23. On September 30, 2016, a fire at Eirene Company’s warehouse caused severe damage to the entire inventory. The
entity has a gross profit ratio of 30% on cost. The following data are available for the nine months ended September
30, 2016:
Inventory, January 1 P 1,100,000
Net purchases 6,000,000
Net sales 7,280,000
A physical inventory disclosed usable damaged goods which can be sold for P100,000. What is the estimated amount
of fire loss on September 30, 2016?
Time allotted: 60 seconds:
Answer: P1,400,000

24. The principle applicable for “bearer plants” is under what standard?
Time allotted: 10 seconds
Answer: PAS 16: PPE

25. Any contract that gives rise to a financial asset of one entity and a financial liability or an equity of another entity.
Time allotted: 10 seconds
Answer: PAS 16: Financial Instrument

26. A transaction whereby the outstanding shares are called in and replaced by a larger number, accompanied by a
reduction in the par or stated value of each share.
Time allotted: 10 seconds
Answer: Split up

27. On January 1, 2016, Therese Company purchased 9% bonds with face amount of P4,000,000 for P3,756,000 to yield
10%. The bonds are dated January 1, 2016, and pay interest annually on December 31. The interest method of
amortization is used. What is the interest income for 2017?
Time allotted: 45 seconds
Answer: P377,160

28. Justice Company purchased 50,000 shares on January 15, 2015 representing 5% ownership interest. The entity
received a stock dividend of 20% on March 31, 2012 when the market price of the share is P40. The investee paid
cash dividend of P5 per share on December 15, 2015. What amount should be reported as dividend income for 2015?
Time allotted: 45 seconds
Answer: P300,000

29. These are tangible assets that are held for use in production or supply of goods or services, for rental to others, or for
administrative purposes, and are expected to be used during more than one period.
Time allotted: 10 seconds
Answer: Property, plant and equipment

30. It is a way of cost allocation in recognition of exhaustion of the life of an item of property, plant and equipment.
Time allotted: 10 seconds
Answer: Depreciation.

31. Character Company purchased equipment by making a down payment of P400,000 and issuing note payable for
P1,800,000. A payment of P600,000 is to be made at the end of each year for three years. The applicable rate of
interest is 8%. The PV of an ordinary annuity of 1 at 8% for three periods is 2.58 while the PV of 1 at 8% for three
periods is 0.79. Shipping charge for the equipment of P200,000 and installation cost of P350,000 were incurred. What
is the capitalized cost of the equipment?
Time allotted: 60 seconds
Answer: P2,498,000

32. These are manufacturing costs incurred to produce units of outputs.


Time allotted: 10 seconds
Answer: Product costs

33. In period of rising prices, what effect would the use of FIFO have on the net income of a company?
a. No effect
b. The net income increases
c. The net income decreases
d. There will be a loss
Time allotted: 30 seconds
Answer: B

34. The annual demand for tennis racquets is 50,000 units, and carrying costs amount to P2 per unit. Order costs of the
company amount to P5. The economic order quantity in units for tennis racquets is (rounded to the nearest unit):
Time allotted: 30 seconds
Answer: 500 units

35. Which of the following costs is not a product cost?
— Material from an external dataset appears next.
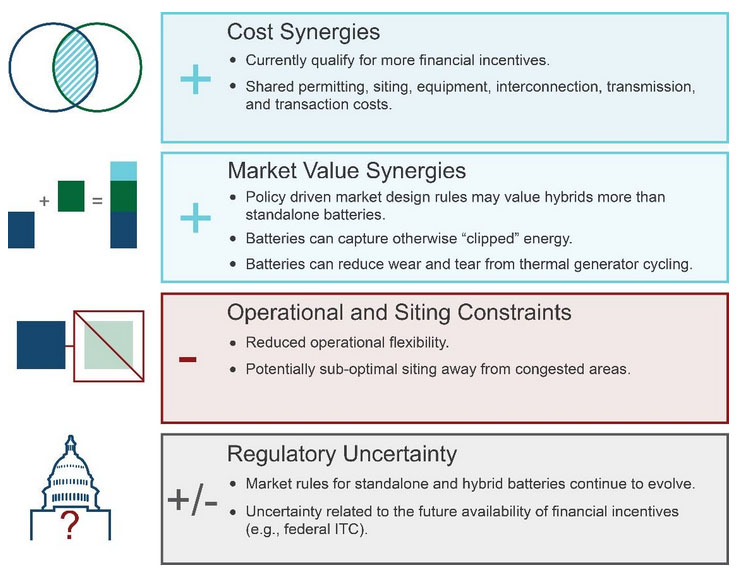 將可再生能源發(fā)電設(shè)施和電池儲能系統(tǒng)共址部署可以節(jié)省共享設(shè)備和互連成本,并可以充分利用有利于太陽能發(fā)電設(shè)施和電池儲能系統(tǒng)配套部署的美國聯(lián)邦稅收抵免政策。相對于獨(dú)立部署的發(fā)電設(shè)施,電力系統(tǒng)運(yùn)營商和購買者可能更喜歡應(yīng)用混合部署的發(fā)電設(shè)施,因?yàn)樗鼈兙哂懈蟮恼{(diào)度靈活性。但是將發(fā)電設(shè)施和電池儲能系統(tǒng)共址部署,可能并不總是一個最佳的解決方案。

a. Wages paid to workers for rework on defective products.
b. Wages paid to truck loaders who load finished goods onto outgoing delivery trucks.
c. Fringe benefits paid to factory workers.
d. Wages paid to workers for idle time due to machine breakdown in a production department.
Time allotted: 30 seconds
Answer: B

36. When production (in units) decreases, the average cost per unit of product increases. This increase in the average cost
per unit is due to the
a. Increase in variable cost per unit. c. increase in total variable costs.
b. Increase in fixed cost per unit. d. increase in total fixed costs.
Time allotted: 30 seconds
Answer: B

37. Which of the following statements about cost behavior is correct?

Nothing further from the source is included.